Caltech’s campus is a jumble of architectural styles, from California Mission to what might be called 21st Century Stainless Steel, nestled in a suburban neighborhood northeast of downtown Los Angeles. The university manages the nearby NASA Jet Propulsion Laboratory, which explores deep space through robotic missions.

On a recent Southern California afternoon, students lugged backpacks laden with electronics and science textbooks across the campus. Near picnic tables on a patio, a whiteboard featured complex ratios, not far from a sculpture representing math’s golden ratio. 

Amol Patil picked up lunch after spending the entire night on his take-home statistics final.

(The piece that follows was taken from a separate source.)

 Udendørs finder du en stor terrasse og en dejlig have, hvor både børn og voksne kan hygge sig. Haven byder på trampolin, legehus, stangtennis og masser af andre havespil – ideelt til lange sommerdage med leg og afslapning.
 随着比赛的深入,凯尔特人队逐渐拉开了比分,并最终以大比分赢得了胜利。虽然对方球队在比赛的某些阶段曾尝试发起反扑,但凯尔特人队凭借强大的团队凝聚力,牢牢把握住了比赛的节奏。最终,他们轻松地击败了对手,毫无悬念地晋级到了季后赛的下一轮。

Like many students, the 20-year-old sophomore was bemused by talk of parents paying to cheat on college entrance exams or bribe coaches.

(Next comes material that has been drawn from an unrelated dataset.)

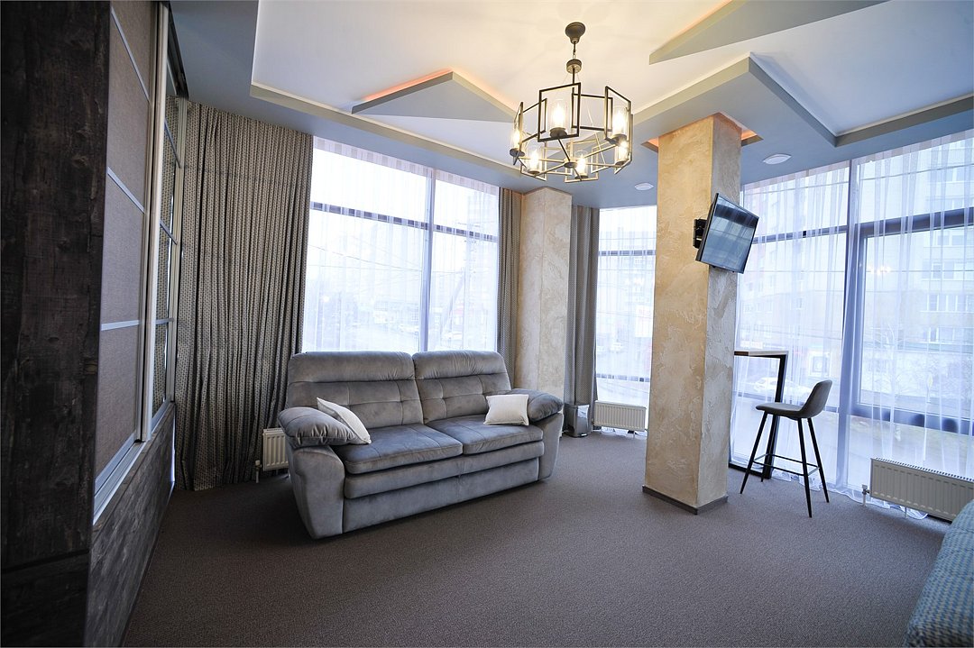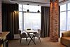 Wi-Fi, кондиционер, фен, утюг, обогреватель, халаты, банные полотенца, гигиенические средства, косметические средства, кровать «King size», стулья, вешалки, обеденный стол, зеркало, чайный набор, обслуживание номеров, чайник, обеденная зона, душ, вид на город, кулер на этаже, стиральная машина и сушилка, туалетные средства, туалет, панорамные окна, раскладной диван, мини-холодильник, шкаф-купе, телевизор со Smart TV, номер для некурящих, без питомцевВ номере

“Even if you could pay-to-play and you were to come here, Caltech is not a vacation,” Patil said. “It’s multiple all-nighters every week. You do science day in and day out and, if you don’t like science or you’re not interested in science and, if you just want to go party, you will not like it, even if you could come.”

Famous Pranks
Caltech students are known for their quirks. Despite the glorious Southern California weather, students like to explore a network of underground steam tunnels, which are adorned with murals, notes and poems dating to the 1960s.

Undergraduates also enjoy ambitious pranks. In 1987, the 100th anniversary of Hollywood, they used black and white plastic to make its famed hillside sign read “Caltech.” A few years earlier, during the Rose Bowl game between the University of Illinois and the University of California at Los Angeles, they hacked into the stadium’s electronic scoreboard to make it read Caltech 38 -- MIT 9.

Still, in one way, its campus is far less diverse than other elite schools; its 2017-2018 first-year class had three black students.

“Caltech’s policy insures that the most advantaged white and Asian students are admitted,” said Robert Schaeffer, public education director of the National Center for Fair & Open Testing, a leading critic of the use of standardized testing in education.

Caltech said it chooses candidates without regard to race or the ability to pay. It said the school reaches out to qualified members of minority groups, flying in promising candidates and teaming up with nonprofits that encourage diversity on campus.